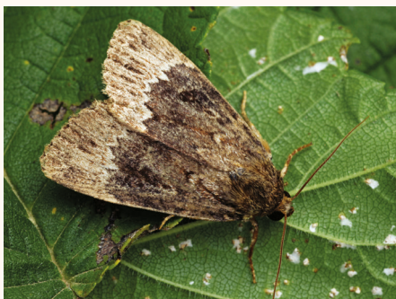
Amphipyra perflua .

13-IX-1988 miellée et 1 mâle le 24-VIII-1989 miellée à Payzac (Ardèche).
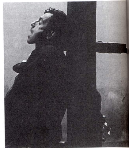
Pascual Duarte de Ricardo Franco

La projecció de Guys and Dolls ens serveix per retre un merescut homenatge a un dels seus protagonistes, Frank Sinatra (1915-1998), mort el 15 de maig. Sis dies després, de forma sobtada, moria el cineasta espanyol Ricardo Franco (1949-1998), enmig del rodatge de la seva darrera pel·lícula, Lágrimas negras . Una mort que és especialment lamentable pel fet de produir-se prematurament i en un moment en què, gràcies a l'èxit assolit l'any passat amb La buena estrella , Ricardo Franco havia pogut deixar enrere aquella fama de cineasta maleït que l'havia acompanyat sempre. El nostre homenatge és la projecció de Pascual Duarte , guardonada al Festival de Cannes. Agraïm la col·laboració d'Elías Querejeta P.C. SL. per a aquesta projecció.
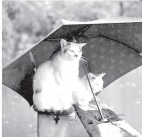
Юумэнэй бүтэхэдэ, байгаалар һайхашааха болохои
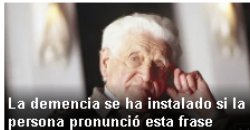
La demencia se ha instalado si la persona pronunció esta frase
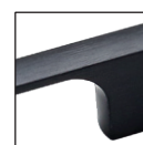
...76 черный шлифованный
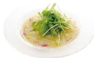
愛媛産 愛鯛のカルパッチョ
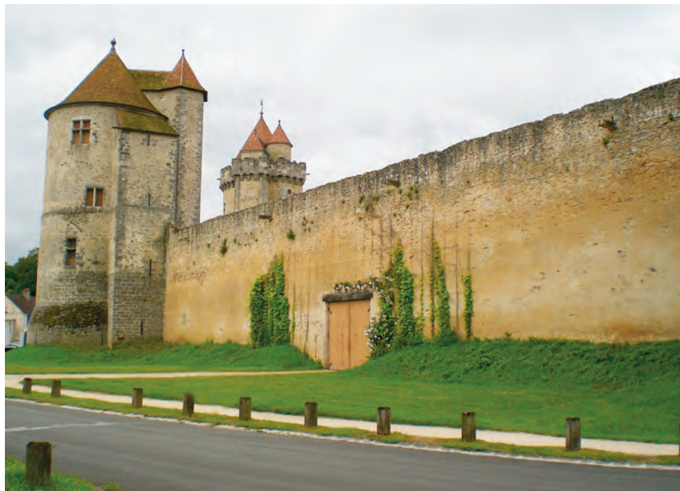
BLANDY LES TOURS - BPF 77 (Seine et Marne)

-.-.-

• [What to produce]: Omit the pictures and give the material again, exactly and in full.

• [Solution below]:
Amphipyra perflua .

13-IX-1988 miellée et 1 mâle le 24-VIII-1989 miellée à Payzac (Ardèche).
Pascual Duarte de Ricardo Franco

La projecció de Guys and Dolls ens serveix per retre un merescut homenatge a un dels seus protagonistes, Frank Sinatra (1915-1998), mort el 15 de maig. Sis dies després, de forma sobtada, moria el cineasta espanyol Ricardo Franco (1949-1998), enmig del rodatge de la seva darrera pel·lícula, Lágrimas negras . Una mort que és especialment lamentable pel fet de produir-se prematurament i en un moment en què, gràcies a l'èxit assolit l'any passat amb La buena estrella , Ricardo Franco havia pogut deixar enrere aquella fama de cineasta maleït que l'havia acompanyat sempre. El nostre homenatge és la projecció de Pascual Duarte , guardonada al Festival de Cannes. Agraïm la col·laboració d'Elías Querejeta P.C. SL. per a aquesta projecció.
Юумэнэй бүтэхэдэ, байгаалар һайхашааха болохои
La demencia se ha instalado si la persona pronunció esta frase
...76 черный шлифованный
愛媛産 愛鯛のカルパッチョ
BLANDY LES TOURS - BPF 77 (Seine et Marne)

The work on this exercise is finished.